Imagine a nearly infinite building, no windows, no view of an outside, no structural problems, just uniform walls of shelves, stretching on for light years. A trillion years of wandering becomes an insignificant length of time to our protagonist. All bodily needs are provided for (though I would argue that things like sleep, eating, drinking, and defecation, etc. somehow ruin the purity of the soul’s journey in this realm). The library is self-healing. If you toss books off the edge of the railing they reappear in the morning. If you tear out pages, the books are intact in the morning. Again, the characters’ inability to change the library makes their search more futile. They are tasked with finding the book of their life. But this vague mission is far too amorphous to accomplish in any reasonable number of eons. Consider that it takes at least a million years of reading nonstop, of scanning books, to come across a single coherent sentence longer than ten words.
The fact that there are other people there is a saving grace. If you were alone, it would be a purer Hell. Then again, Satre said that Hell is other people. Of course, in the story our hero finds people who have lost their minds, who have started cults, and he falls in love with people only to lose them. The experiences were a bit limited in my opinion. I could have gone on reading this book for another 1000 pages. The possibilities are nowhere near exhausted, and I hope we get a sequel. Imagine a Library of Babel where every book is the Book of Sand. (Read the Borges stories if you don’t know what I’m talking about).
Imagine this, we somehow train an AI to search the Library of Babel for meaningful text. Would that be easier than training an AI to impress us with its creative ability or lack thereof? When we start roping AI into the idea my mind gets slippery. The whole reason it is interesting is the emotional aspect of the thought experiment. We can tell AlphaZero to play a million games against Stockfish, but would we just grow bored? Then again, why haven’t there been more games between the two? I think it is because we need to preserve the human element.

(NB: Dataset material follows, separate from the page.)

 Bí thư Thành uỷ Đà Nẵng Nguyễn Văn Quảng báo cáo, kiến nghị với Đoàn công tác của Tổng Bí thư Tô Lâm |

If we take Magnus out of the chess world and just pit AIs against one another, people might stop caring. You can root for an AI, but it’s less satisfying.

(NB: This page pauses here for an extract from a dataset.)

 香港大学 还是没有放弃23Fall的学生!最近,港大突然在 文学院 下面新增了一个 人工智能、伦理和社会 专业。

Luckily, the author gives us a protagonist the reader can root for. He presents his mission clearly in the beginning and end. He gives us the constraints and recounts some of his experiences. We get to follow him through his journey, but it is just a sliver of the whole. So much must have happened in the intervening years that the mind reels. The true beauty and power of this story lies in imagining what you would do. The book is like Play-doh in your mind. You can shape it into any form and carry it along with you.
In the end, it is a metaphor for life if you want it to be. We are searching for meaning. We can strategize all we want but the universe remains chaotic.
The only mode of transportation between floors is gravity, or the staircases. The protagonist chooses to plunge downward more than once, in an effort to prove there is a bottom. But falling light years at the speed of terminal velocity takes a truly ridiculous amount of time.
They don’t have to worry about injury or starvation – it still happens, but they always heal.
One might conceive of the scenario as a psychological realm, a procedurally generated simulation, in which people are hooked up, Matrix-style, and fed false realities for all eternity. It would seem that the demon who vets souls had the ability to choose separate Hells for people. If that is the case, is Borges’ the one you would choose. That is, if you could only do one thing for all eternity, would you choose to read?